Idaho lawmakers could certainly declare victory on the state’s new education choice tax credit. After all, the policy is popular, applications hit 13,500 and families are eager to take advantage of new opportunities. But before anyone starts packing up for adjournment, there’s an inconvenient reality worth addressing: the program is about to succeed itself into a problem.


The $50 million cap all but guarantees it.


It means hundreds, and quite possibly thousands, of Idaho students will be pushed onto a waitlist almost as soon as the program gets off the ground. Nothing says “opportunity” quite like telling families, “Great news—you qualify. Now get in line.”
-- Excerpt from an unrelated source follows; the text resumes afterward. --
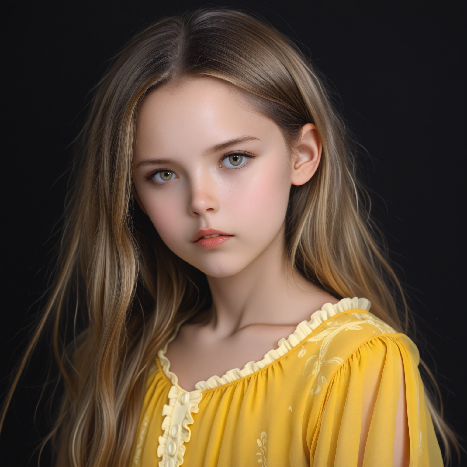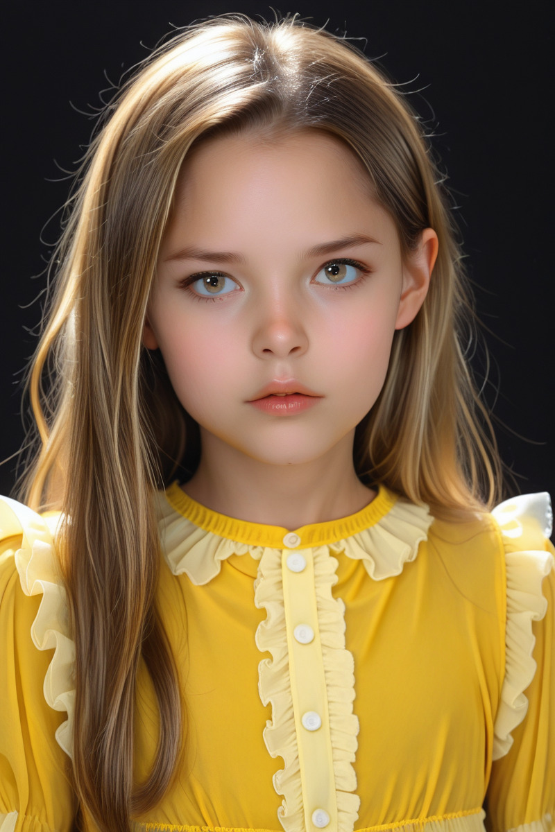 Positive prompt: 1girl, girl, AIDA_ILLR_AnjeC6, lips, long hair, falling hair, yellow ruffled blouse, black background, black_background, upper body, female child, 10yo

And here’s where things go from ironic to just plain inefficient.


The students most likely to end up stuck on that waitlist are the very ones the state should be encouraging: those leaving the public school system. Idaho spends roughly $9,000 to $10,000 per student in public schools. The tax credit, by contrast, is capped at around $5,000. This isn’t complicated math. When a student switches, the state spends less money.


Less.


Not more. Not even the same. Less.


And yet, once the cap is reached, many of those students will be told they can’t access the credit. So instead of saving money, the state continues paying the higher per-pupil cost—while families ready to make a change are sidelined. It’s a policy that manages to limit opportunity and miss out on savings at the exact same time. That’s not just a missed opportunity—it’s a self-inflicted one.



To be clear, the waitlist isn’t some distant, hypothetical concern. It’s coming—and quickly. Within a month, lawmakers could be staring at a growing backlog of families who did everything right, made decisions in good faith, and are now stuck waiting because the policy stopped one step short of common sense.


The good news is that fixing this doesn’t require a new spending bill, a special session, or a legislative miracle. It requires a tweak. Allow students leaving public schools—“switchers”—to access the tax credit even after the cap is reached. Because these students reduce state costs, letting them participate actually improves the state’s fiscal position.


In other words, it’s the rare policy fix that expands access and saves money. You’d think that would be an easy sell.


Idaho lawmakers have rightly supported empowering families, increasing opportunity, and being good stewards of taxpayer dollars. Here’s a chance to do all three—at once.


But it requires finishing the job.


So before adjournment, there’s one more box to check: fix the waitlist. Let switchers in. And avoid the awkward situation of explaining to Idaho families why a program designed to help them ended up putting them on hold—while costing taxpayers more in the process.